The data —
▶

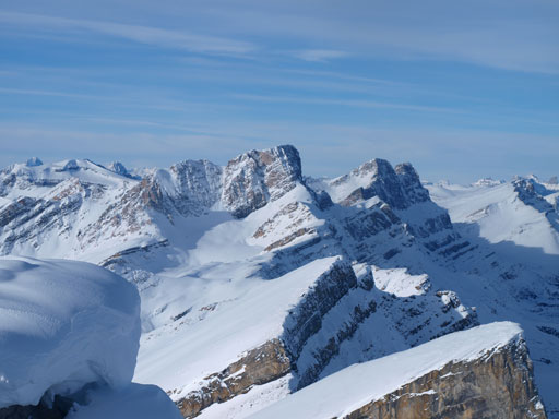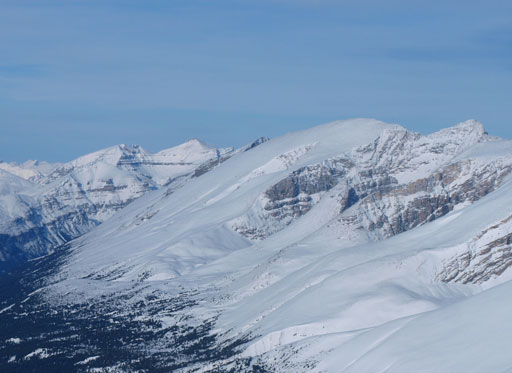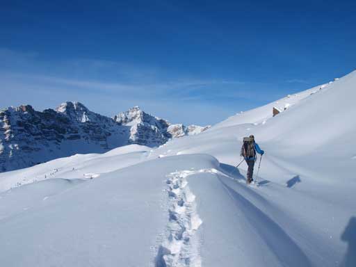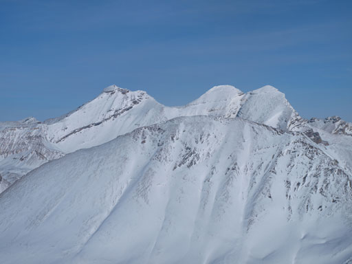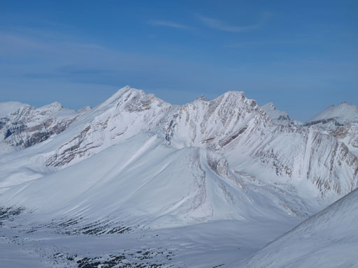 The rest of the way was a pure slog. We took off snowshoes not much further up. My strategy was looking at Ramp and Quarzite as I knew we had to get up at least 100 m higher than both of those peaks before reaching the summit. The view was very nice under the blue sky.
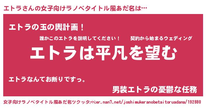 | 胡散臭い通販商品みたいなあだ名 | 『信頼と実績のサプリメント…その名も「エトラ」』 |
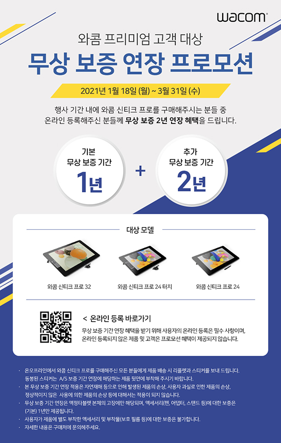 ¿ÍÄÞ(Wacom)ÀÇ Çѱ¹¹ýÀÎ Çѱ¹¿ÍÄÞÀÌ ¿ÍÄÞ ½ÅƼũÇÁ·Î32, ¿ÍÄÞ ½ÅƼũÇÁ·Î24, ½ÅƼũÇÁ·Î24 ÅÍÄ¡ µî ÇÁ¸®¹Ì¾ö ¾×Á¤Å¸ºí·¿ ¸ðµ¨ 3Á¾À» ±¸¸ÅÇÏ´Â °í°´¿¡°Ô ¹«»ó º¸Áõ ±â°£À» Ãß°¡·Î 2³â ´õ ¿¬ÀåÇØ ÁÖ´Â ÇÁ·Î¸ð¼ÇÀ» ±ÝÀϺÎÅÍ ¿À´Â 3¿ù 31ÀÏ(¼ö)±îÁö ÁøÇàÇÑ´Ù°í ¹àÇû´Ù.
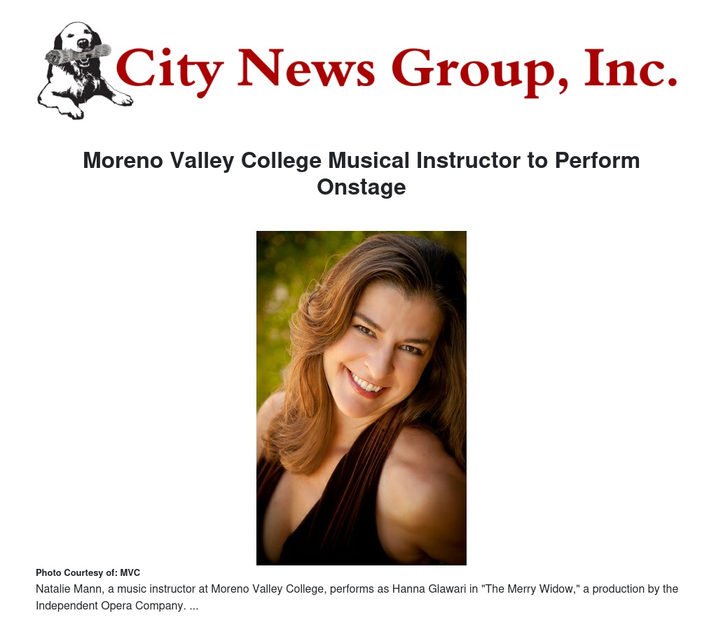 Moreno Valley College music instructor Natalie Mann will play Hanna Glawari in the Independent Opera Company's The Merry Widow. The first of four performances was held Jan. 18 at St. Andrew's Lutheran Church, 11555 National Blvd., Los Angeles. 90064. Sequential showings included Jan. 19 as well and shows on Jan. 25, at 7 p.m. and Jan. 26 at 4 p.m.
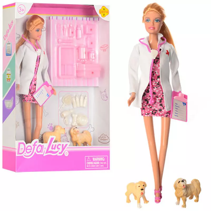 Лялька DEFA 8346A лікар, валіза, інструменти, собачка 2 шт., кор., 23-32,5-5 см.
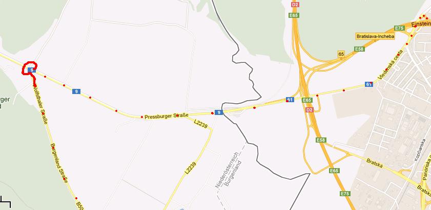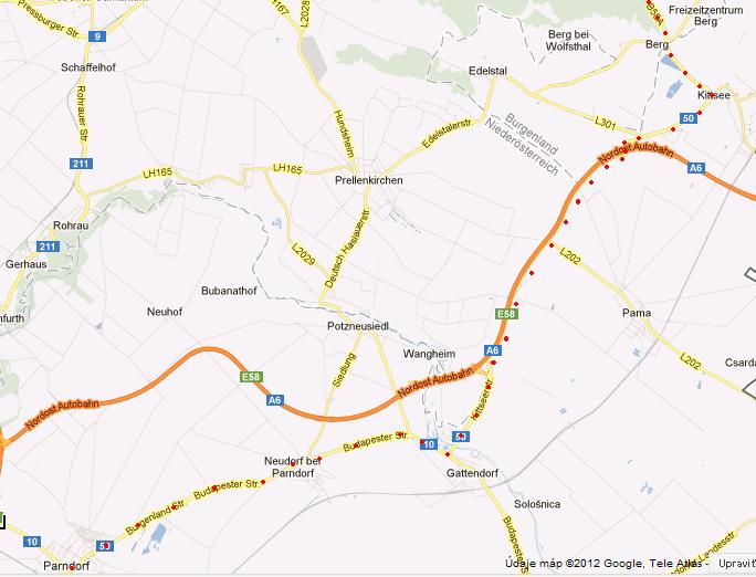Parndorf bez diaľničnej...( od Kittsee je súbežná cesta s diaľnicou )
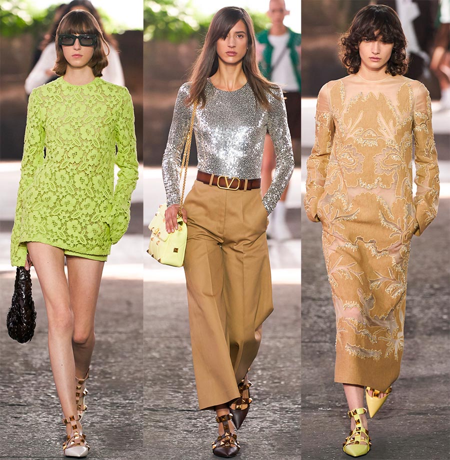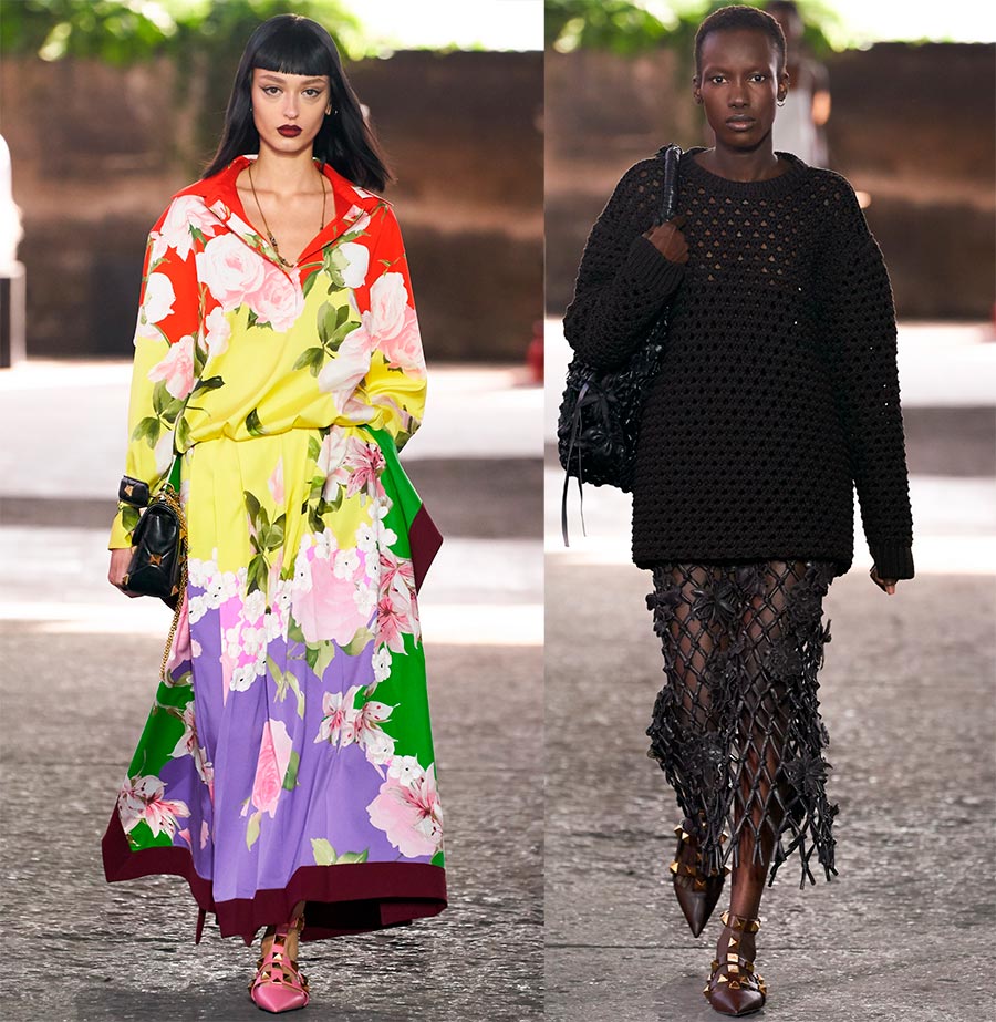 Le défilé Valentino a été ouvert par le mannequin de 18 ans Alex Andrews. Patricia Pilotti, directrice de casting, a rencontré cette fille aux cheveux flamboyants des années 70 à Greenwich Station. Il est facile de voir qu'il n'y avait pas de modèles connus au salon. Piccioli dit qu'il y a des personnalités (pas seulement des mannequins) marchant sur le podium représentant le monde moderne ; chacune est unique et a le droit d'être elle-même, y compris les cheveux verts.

◀

The task — Skip all pictures. Copy exactly the lines from the one containing "Parndorf bez diaľničnej...( od" through the end of the records, both ends included.

Answer to the exercise —
Parndorf bez diaľničnej...( od Kittsee je súbežná cesta s diaľnicou )
 Le défilé Valentino a été ouvert par le mannequin de 18 ans Alex Andrews. Patricia Pilotti, directrice de casting, a rencontré cette fille aux cheveux flamboyants des années 70 à Greenwich Station. Il est facile de voir qu'il n'y avait pas de modèles connus au salon. Piccioli dit qu'il y a des personnalités (pas seulement des mannequins) marchant sur le podium représentant le monde moderne ; chacune est unique et a le droit d'être elle-même, y compris les cheveux verts.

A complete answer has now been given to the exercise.